■ **Exercise prompt**
Copy the material below verbatim from the line with "Elevate your entertainment" to the line with "Молодая женщина стоит", both lines included, omitting pictures and every line outside that range.

**** Data extract ****

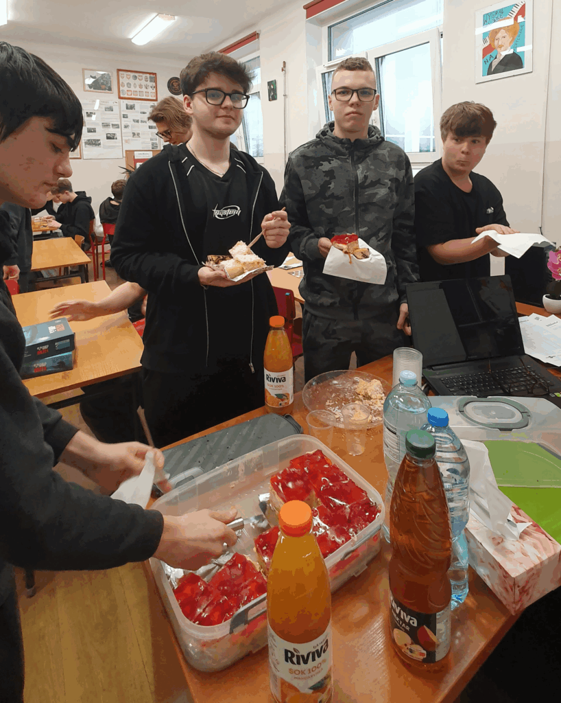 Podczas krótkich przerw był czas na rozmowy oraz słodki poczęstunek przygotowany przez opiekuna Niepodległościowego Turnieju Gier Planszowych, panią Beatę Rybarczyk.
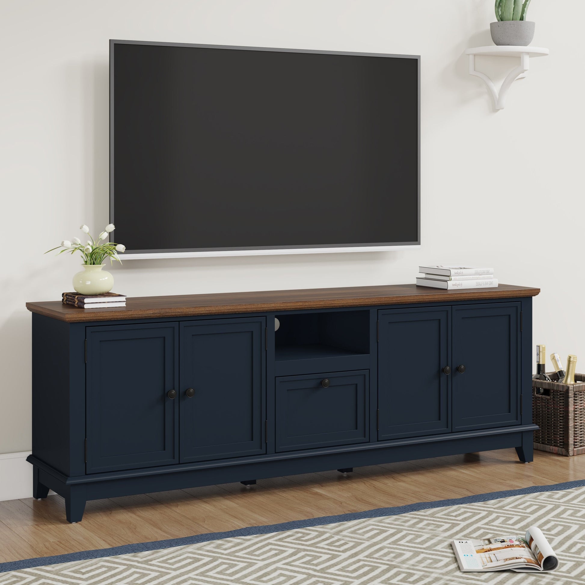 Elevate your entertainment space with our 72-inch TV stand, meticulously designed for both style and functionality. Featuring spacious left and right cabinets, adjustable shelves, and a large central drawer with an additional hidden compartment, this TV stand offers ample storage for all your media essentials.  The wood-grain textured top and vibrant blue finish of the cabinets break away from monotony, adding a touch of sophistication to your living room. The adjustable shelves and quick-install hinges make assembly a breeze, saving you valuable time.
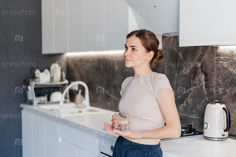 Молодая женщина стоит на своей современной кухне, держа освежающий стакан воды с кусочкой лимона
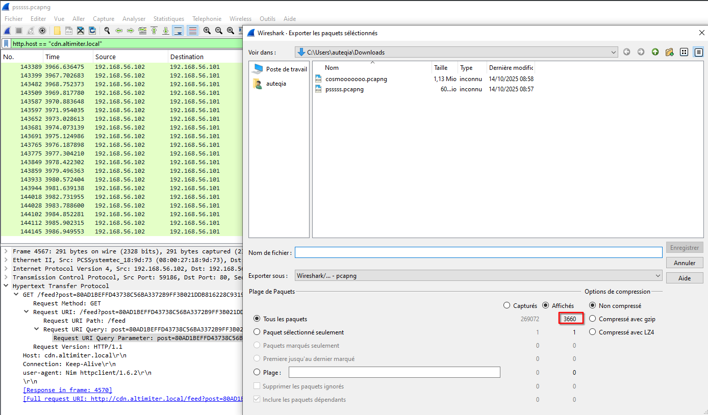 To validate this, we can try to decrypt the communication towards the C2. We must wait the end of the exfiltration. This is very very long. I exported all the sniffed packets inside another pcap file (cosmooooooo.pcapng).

****
**** Data extract ****

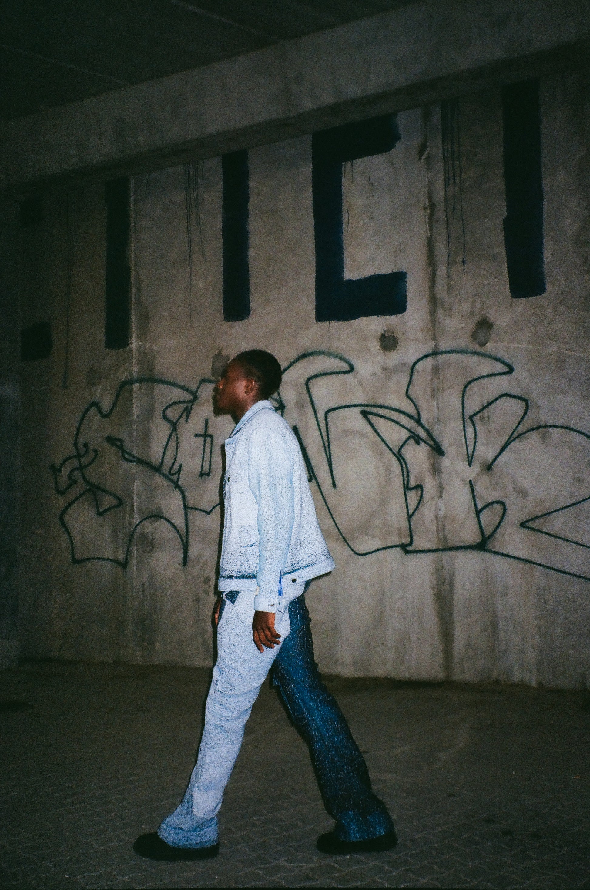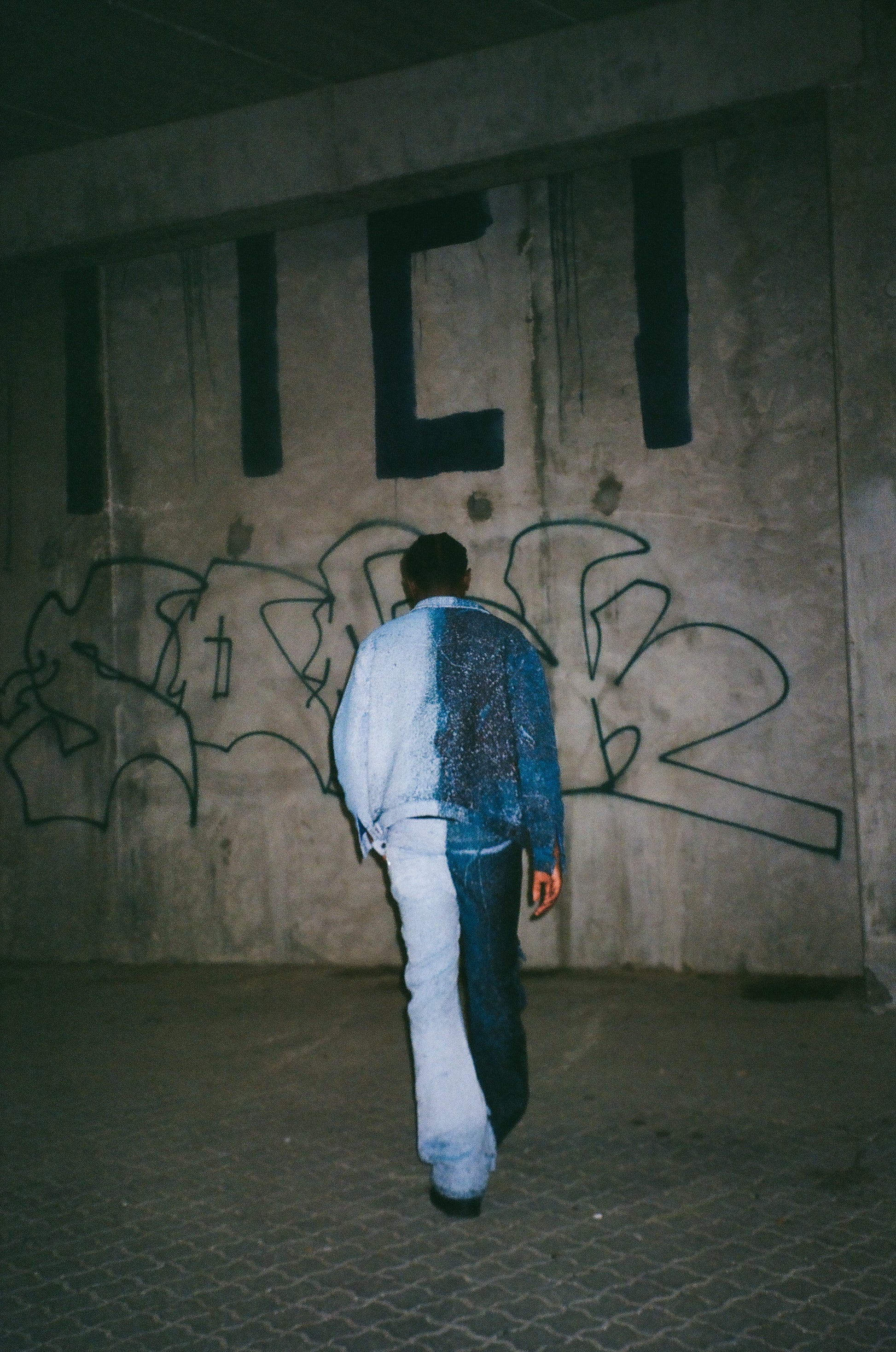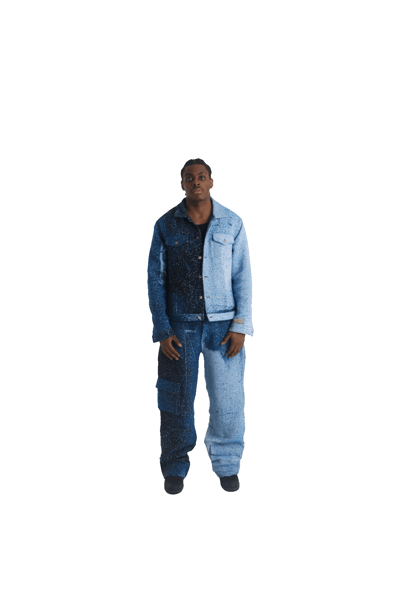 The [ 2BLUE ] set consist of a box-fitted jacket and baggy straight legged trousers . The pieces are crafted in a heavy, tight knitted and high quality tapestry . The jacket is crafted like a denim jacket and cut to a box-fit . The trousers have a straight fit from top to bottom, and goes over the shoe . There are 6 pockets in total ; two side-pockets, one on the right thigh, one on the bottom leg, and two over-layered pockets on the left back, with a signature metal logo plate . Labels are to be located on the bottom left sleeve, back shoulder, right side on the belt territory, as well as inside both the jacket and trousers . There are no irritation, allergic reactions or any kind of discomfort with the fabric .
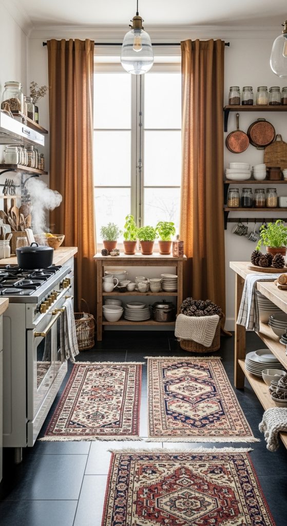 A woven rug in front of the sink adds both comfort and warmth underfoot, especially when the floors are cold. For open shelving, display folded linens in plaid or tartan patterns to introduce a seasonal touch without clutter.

****

■ **Response**
 Elevate your entertainment space with our 72-inch TV stand, meticulously designed for both style and functionality. Featuring spacious left and right cabinets, adjustable shelves, and a large central drawer with an additional hidden compartment, this TV stand offers ample storage for all your media essentials.  The wood-grain textured top and vibrant blue finish of the cabinets break away from monotony, adding a touch of sophistication to your living room. The adjustable shelves and quick-install hinges make assembly a breeze, saving you valuable time.
 Молодая женщина стоит на своей современной кухне, держа освежающий стакан воды с кусочкой лимона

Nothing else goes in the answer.